Quatuordillo

Scientific classification
- Kingdom: Animalia
- Phylum: Arthropoda
- Clade: Pancrustacea
- Class: Malacostraca
- Order: Isopoda
- Suborder: Oniscidea
- Family: Armadillidae
- Genus: Quatuordillo Taiti, 2014

= Quatuordillo =

Genus of woodlice

Quatuordillo is a genus of woodlice belonging to the family Armadillidae. This genus was described in 2014 by Stefano Taiti. The type specimen for this species is a Quatuordillo caecus from Western Australia, and it is the only species in this genus.

== Description ==
This genus has a very convex body with vertical epimera.

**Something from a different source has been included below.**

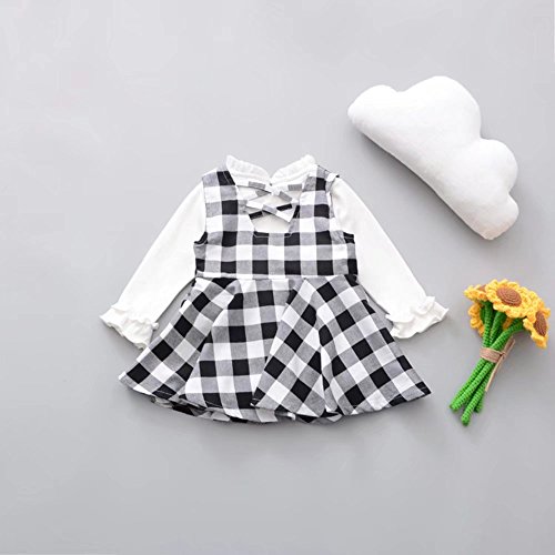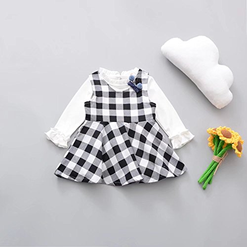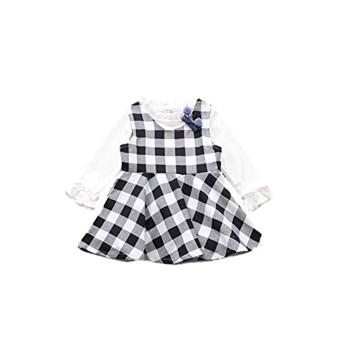 ベビー服 子供服 女の子ワンピース Pojour 長袖ドレス 可愛いグリッドワンピース 秋冬ストラップスカート オシャレ 通園 発表会 旅行 記念日 プレゼント 白

They are able to fully conglobate. They have one line of noduli laterales per side on their thoracic segments. Their cephalon has a large frontal shield that slightly protrudes past the end of the head. Their first thoracic segment has a groove on the lateral margin and a schisma at posterolateral corner. The epimera of their second thoracic segments has large subtriangular ventral lobes that are obliquely directed. Their telson is hourglass-shaped. Their antennae are short and stout with flagellum made up of two articles (segments). Their mandibles consist of several short setae that arise from a single stem. Their pleopods are overlapping, and are all visible in ventral view. The exopods on their 1-4 thoracic segments have monospiracular covered lungs, and the exopod on segment 5 does not have respiratory structures. Their uropod have elongated protopods and small exopods inserted dorsally, near the medial margin.

== Distribution ==
This genus has only been described from caves in Western Australia.

== Species ==

- Quatuordillo caecus Taiti, 2014

== Etymology ==
The genus name Quatuordillo is derived from the Latin Quatuor meaning "four" and the suffix -dillo, a common ending for Oniscidae species. The name refers to the four pairs of lungs in the pleopods.